# Bristlenose Plec Eggs



## SunnyP (7 Jan 2010)

I found a clutch of eggs while I was messing with the tank the other day. They are strong orange and can already see small white catfish around the yolk sac with their black eyes, so they are not far from hatching. Here's the best pic I could get of them with my crappy camera. 






Tried to use a magnifying glass and the camera to get a better macro but no luck but could see a lot closer and clearer with the magnifying glass and they look so small and already has similar features as the adults bodies. Can't wait for them to hatch.


----------



## dw1305 (7 Jan 2010)

/Hi all,
Definitely look like Ancistrus eggs, were they laid in a cave? and is the make guarding them?
If the male isn't fanning them they are likely to fungus. You can hatch them artificially if you put them in a tea strainer or aquarium net in the filter stream as an alternative "egg tumbler". If you have any MTS? pop a couple in with the eggs as they make good egg "janitors".
cheers Darrel


----------



## SunnyP (7 Jan 2010)

The male is guarding the eggs from time to time. I think there may be anothe clutch of eggs as he disappear for periods of time. i have seen him cleaning and fanning the eggs aswell. I have made a small network with three caves. I haven't disturbed other caves.
this is the first time they have bred so quite excited to see if they survive. 
I have had a lot my shrimps die recently. Could this be due to the male terrortorial behaviour over protecting his eggs. Otherwise it has to be copper concentration.
By the way what is MTS. I'm guessing snails but not sure what sort (i do have some nerite snails).

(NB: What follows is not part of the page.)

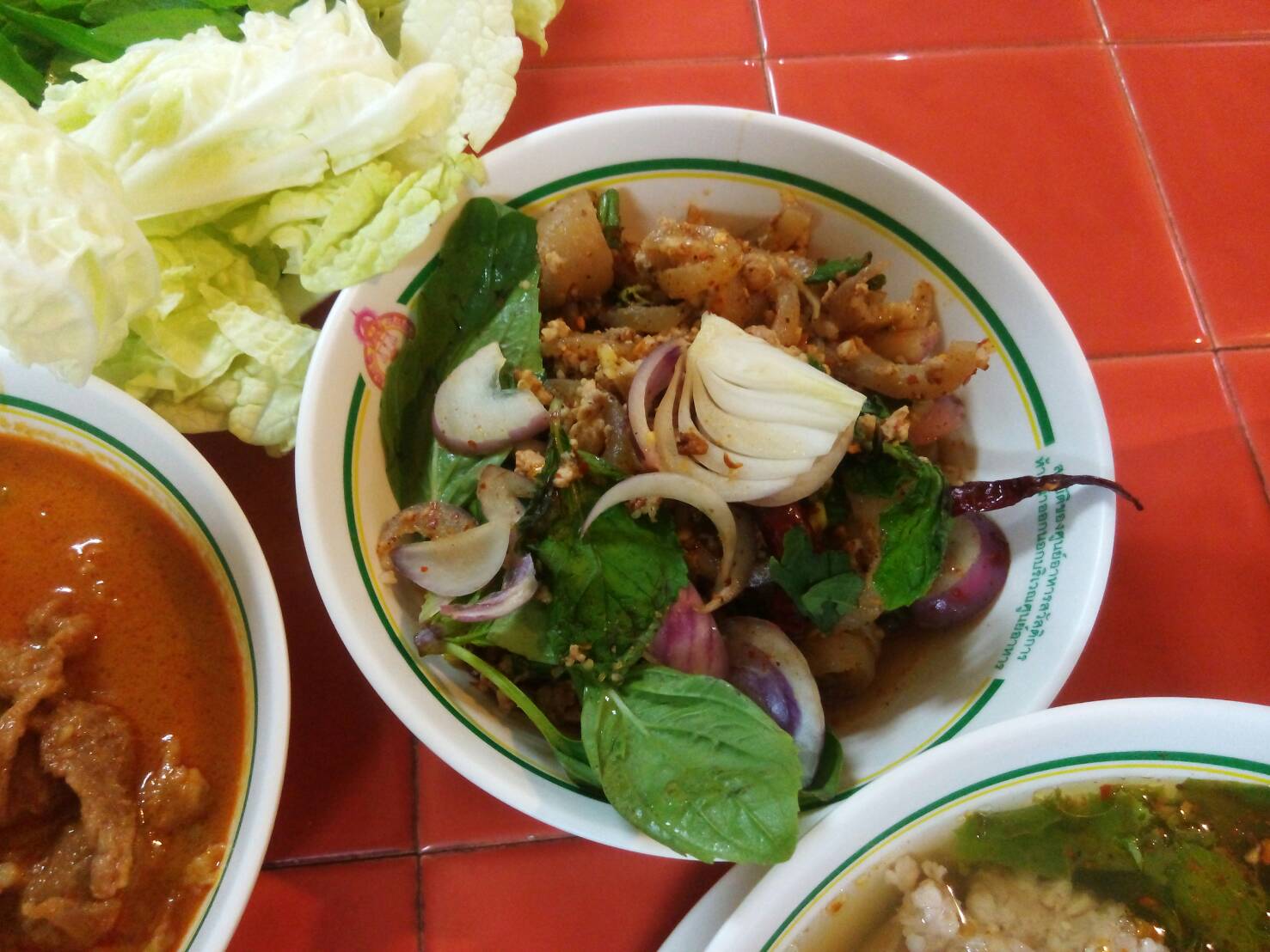พริกที่นี่เผ็ดใช้ได้ ทุกร้าน ลาบก็เผ็ด(พริกแห้งคั่ว)แต่มีผักแนมช่วย

I will have a look later today to see how the eggs are doing.


----------



## dw1305 (7 Jan 2010)

Hi all,
If the male is looking after the eggs they should hatch, they are normally superb parents. They don't usually bother the shrimps at all, so I'd suspect a water quality issue (and possibly micro-element toxicity).
MTS are Malaysian Trumpet Snails, it's quite important to have the right snail, because most of the other snail species will eat all the eggs. You can also use Asellus ("Water Hogs") or Amano or Red Cherry Shrimps as "egg janitors". I don't ever use methylene blue now, as all the "biological options" work so well. 
cheers Darrel


----------



## SunnyP (7 Jan 2010)

The eggs have hatched and the fry are with the dad under the bogwood. WICKED!!!. He's constantly fanning them now. There's still one that hasn't hatched. 

I fry have got good flow of water aswell as the dad has decided to have his cave near to the filter inlet.

I've had my water tested and everything is perfect with just a small ammonia spike from shrimps that died that day I had the test. Iron is fine aswell. My best bit is on micro-nutrient over dosing.
Did do a 50% water change 2 days ago and only introduced phosphates. Will do another 50% change again later this week. 
Will get cherry shrimps after a couple of weeks.


----------



## SunnyP (8 Jan 2010)

Hi everyone,

Just an update on my BN fry. All the eggs have hatched now and can just see their tiny white tales fanning about but Dad is keeping them covered and is constantly fanning. The fry still have their yolk sac with them, guess it will take a few days for them to digest that up.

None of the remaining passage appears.